ID:154048
 
I'm using a program that converts each letter in a word into it's ascii equivilent value, then combines the results to create a number value for that word. But, the thing that I need to do is to have each word value be totally unique. Does anyone have a solution for how to achieve this?
Sorta like creating a unique token number for each word?

I think there is a C library that does that... something about adding the ascii values together then doing some Boolean math (AND, OR, XOR, etc.) to that total against the number of characters in the word.

I'll look around and see if I can recall where I saw that...
The solution to this problem is called a "perfect hashing equation." It doesn't really exist. You can perfectly hash (hashing=translating a text string into a number) data if you know enough about it to begin with (for example, if every word you need to represent begins with a different letter, you can just hash each word as the number representing that first letter). In general, though, it's difficult to hash arbitrary data. Typically what is needed is a system to resolve collisions (when two strings get hashed to the same number). There are a number of ways that this is done, but none of them are that simple. If you still want to try it, I can look up some common hashing functions (if BYOND were Java there would be one built in.. ) and explain some different collision resolution methods.

-AbyssDragon
In response to AbyssDragon
AbyssDragon wrote:
In general, though, it's difficult to hash arbitrary
data. Typically what is needed is a system to resolve
collisions (when two strings get hashed to the same
number). There are a number of ways that this is done,
but none of them are that simple.

One simple way (well, to me that is) that came to mind right away requires tracking, or storing the 'dictionary' of number/word combos. When creating a new hash, you check if it exists in the dictionary. If it does, just add another number to the hash (maybe a simple increment or random number), and check again. Repeat until you get a unique number, then store it in the dictionary and start on the next word.
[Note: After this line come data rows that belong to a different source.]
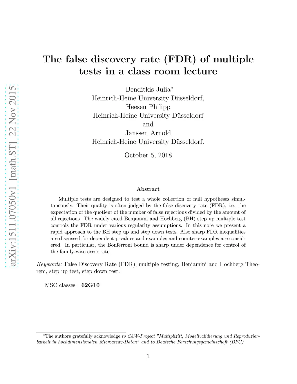 The False Discovery Rate (FDR) of Multiple Tests in a Class Room Lecture
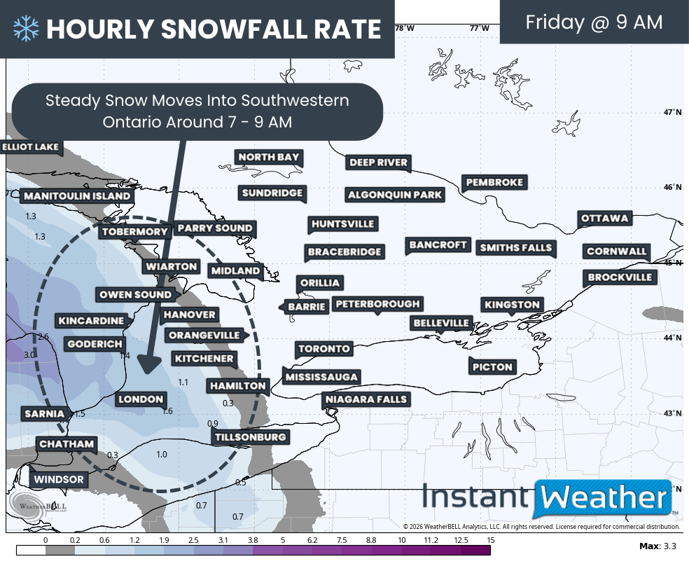 That means locations around Lake Huron will likely be the first to experience the steady snowfall. The snow should start out fairly light early in the morning before gradually increasing in intensity.
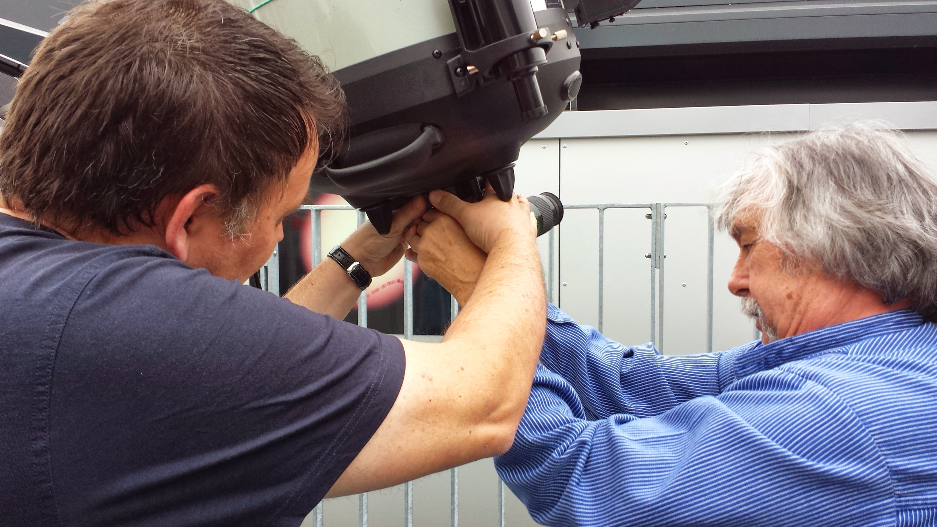 Letzte Arbeiten am neuen C14 Celestron Fernrohr. |

Granted, this isn't the most elegant solution, but it is straightforward, and could be implemented easily with the hash algorithm that A.D. finds...
Foomer wrote:
I'm using a program that converts each letter in a word into it's ascii equivilent value, then combines the results to create a number value for that word. But, the thing that I need to do is to have each word value be totally unique. Does anyone have a solution for how to achieve this?

As long as words only use letters just think of the alphabet as being a base 26 number system and convert them to base 10.
In response to Theodis
I'm using a program that converts each letter in a word into it's ascii equivilent value, then combines the results to create a number value for that word. But, the thing that I need to do is to have each word value be totally unique. Does anyone have a solution for how to achieve this?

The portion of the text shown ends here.